Le procès du Mediator, un médicament à l'origine d'un des plus grands scandales sanitaires en France et accusé d'avoir causé des centaines de morts, reprend mardi devant le tribunal de Nanterre après avoir tourné court il y a un an pour des raisons de procédure.

Selon un rapport d'experts judiciaires rendu public en avril, le Mediator, un médicament destiné aux diabétiques, mais largement prescrit comme coupe-faim et commercialisé de 1976 à 2009 en France, pourrait à terme causer 1300 à 1800 morts uniquement par valvulopathie.
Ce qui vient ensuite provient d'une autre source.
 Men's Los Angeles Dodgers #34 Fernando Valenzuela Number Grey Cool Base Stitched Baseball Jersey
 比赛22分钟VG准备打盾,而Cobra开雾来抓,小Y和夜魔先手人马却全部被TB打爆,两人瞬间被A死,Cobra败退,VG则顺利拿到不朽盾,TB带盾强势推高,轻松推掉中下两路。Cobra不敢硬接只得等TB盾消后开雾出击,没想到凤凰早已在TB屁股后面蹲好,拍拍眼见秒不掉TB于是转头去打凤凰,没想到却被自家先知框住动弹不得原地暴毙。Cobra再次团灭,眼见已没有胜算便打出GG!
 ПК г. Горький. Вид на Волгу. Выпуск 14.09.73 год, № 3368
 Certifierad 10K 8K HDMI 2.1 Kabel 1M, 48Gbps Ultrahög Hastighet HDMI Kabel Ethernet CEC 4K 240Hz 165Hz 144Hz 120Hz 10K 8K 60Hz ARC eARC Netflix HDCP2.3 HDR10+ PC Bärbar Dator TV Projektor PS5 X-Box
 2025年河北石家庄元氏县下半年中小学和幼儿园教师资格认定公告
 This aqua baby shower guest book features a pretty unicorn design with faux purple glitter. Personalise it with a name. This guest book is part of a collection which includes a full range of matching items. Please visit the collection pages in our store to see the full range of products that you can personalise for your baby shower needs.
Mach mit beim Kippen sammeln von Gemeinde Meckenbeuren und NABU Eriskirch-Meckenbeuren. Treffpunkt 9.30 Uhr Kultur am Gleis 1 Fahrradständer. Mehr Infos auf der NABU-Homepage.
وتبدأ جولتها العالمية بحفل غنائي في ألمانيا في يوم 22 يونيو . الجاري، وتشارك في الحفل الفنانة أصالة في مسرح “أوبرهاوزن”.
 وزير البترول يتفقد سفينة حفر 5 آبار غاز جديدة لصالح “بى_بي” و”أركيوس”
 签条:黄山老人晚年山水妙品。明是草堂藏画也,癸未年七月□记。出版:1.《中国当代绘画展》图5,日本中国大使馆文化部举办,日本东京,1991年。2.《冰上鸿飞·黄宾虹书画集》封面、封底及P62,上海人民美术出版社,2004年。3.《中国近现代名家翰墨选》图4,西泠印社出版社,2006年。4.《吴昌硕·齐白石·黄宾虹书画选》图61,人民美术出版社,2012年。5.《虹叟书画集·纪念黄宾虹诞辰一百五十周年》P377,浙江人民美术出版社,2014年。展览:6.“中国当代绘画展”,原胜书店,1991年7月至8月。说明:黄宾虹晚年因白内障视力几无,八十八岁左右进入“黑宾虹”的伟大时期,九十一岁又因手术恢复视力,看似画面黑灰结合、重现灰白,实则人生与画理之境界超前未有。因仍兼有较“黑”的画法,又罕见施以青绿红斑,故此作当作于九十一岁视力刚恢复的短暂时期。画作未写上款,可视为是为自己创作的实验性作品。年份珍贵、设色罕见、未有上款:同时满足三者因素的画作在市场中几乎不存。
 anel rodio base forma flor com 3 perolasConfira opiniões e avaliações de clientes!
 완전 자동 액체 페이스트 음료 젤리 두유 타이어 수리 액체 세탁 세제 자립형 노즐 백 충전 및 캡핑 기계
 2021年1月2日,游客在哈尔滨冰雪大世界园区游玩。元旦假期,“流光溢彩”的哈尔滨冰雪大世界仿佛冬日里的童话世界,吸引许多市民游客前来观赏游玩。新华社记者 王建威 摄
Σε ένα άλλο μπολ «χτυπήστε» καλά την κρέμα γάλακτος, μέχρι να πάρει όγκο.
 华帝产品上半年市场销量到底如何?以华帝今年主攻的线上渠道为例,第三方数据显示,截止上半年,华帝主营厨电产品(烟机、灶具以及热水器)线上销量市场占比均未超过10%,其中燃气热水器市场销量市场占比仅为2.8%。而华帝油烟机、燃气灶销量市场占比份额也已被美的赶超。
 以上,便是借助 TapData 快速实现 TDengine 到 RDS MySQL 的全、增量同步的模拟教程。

Quelque 700 parties civiles demandent réparation devant le tribunal de Nanterre (banlieue de Paris), sans attendre l'issue de l'instruction menée parallèlement par le parquet de Paris sur les mêmes faits.

Les victimes présumées ont misé sur une procédure rapide : une citation directe pour «tromperie aggravée» dans laquelle leur revient la tâche d'apporter les preuves, sans avoir accès aux investigations parisiennes.

Elles reprochent à Jacques Servier, 91 ans, fondateur des laboratoires du même nom, de les avoir «délibérément» trompées sur la composition du Mediator. Les malades n'auraient pas été informés de «la nature anorexigène» de son principe actif, le Benfluorex à l'origine du développement de valvulopathies (déformation des valves cardiaques) et d'hypertension artérielle pulmonaire, une pathologie rare actuellement incurable.

Les parties civiles disposent de plusieurs pièces maîtresses comme les annexes du rapport accablant de l'Inspection générale des affaires sociales (IGAS) qui estime que le retrait du Mediator «aurait pu être décidé dès 1999», soit dix ans avant sa disparition du marché.

Le procès, qui avait débuté le 14 mai 2012, avait très vite tourné court, M. Servier contestant un procès à Nanterre alors qu'il est parallèlement inculpé pour des faits similaires à Paris.

Un nouveau rendez-vous manqué?

«ll y a un risque que l'affaire ne soit encore pas jugée au fond cette fois-ci», a admis Me Juliette Nattier, avocate d'une trentaine de victimes présumées.

La défense de Servier va en effet engager une nouvelle bataille procédurale, susceptible d'entraîner un nouveau renvoi du procès.

Incertaine jusqu'à mardi, la présence de M. Servier à l'ouverture de son procès a été confirmée peu avant l'audience par une porte-parole du groupe. «Il est très soucieux de pouvoir s'expliquer sur le fond de l'affaire», a-t-elle souligné. Le fondateur des laboratoires, dont l'état de santé reste fragile, avait répondu la semaine dernière à une chaîne de télévision qui l'interrogeait près de son domicile : «On s'en fout du procès», avant de s'excuser pour cette déclaration.

Jacques Servier, ainsi que les quatre anciens cadres de Servier et sa filiale Biopharma jugés à ses côtés à Nanterre, encourent quatre ans de prison et une amende de 75 000 euros (environ 99 000 $). Servier et Biopharma, en tant que personnes morales, une amende de 375 000 euros (près de 496 000 $) ainsi qu'une interdiction d'exercer.

Très discret, Jacques Servier, préside toujours les destinées du groupe pharmaceutique qu'il a bâti, même s'il est décrit comme «fatigué» par son entourage.

Avant d'être inculpé pour tromperie et escroquerie et pour homicides et blessures involontaires à l'ouverture des débats, il fut pendant longtemps le symbole d'une réussite exceptionnelle.

Fils d'industriel, il rachète en 1954 pour «trois fois rien» un petit laboratoire à Orléans (centre), qui fabrique un sirop contre la toux. Dès 1955, il lance ses deux premières molécules et n'a dès lors de cesse de faire grossir son entreprise.

Avec un chiffre d'affaires de 3,9 milliards d'euros (5,2 milliards de dollars) en 2012, la société est actuellement le deuxième laboratoire pharmaceutique français en nombre de ventes, derrière le mastodonte Sanofi et emploie plus de 20 000 salariés.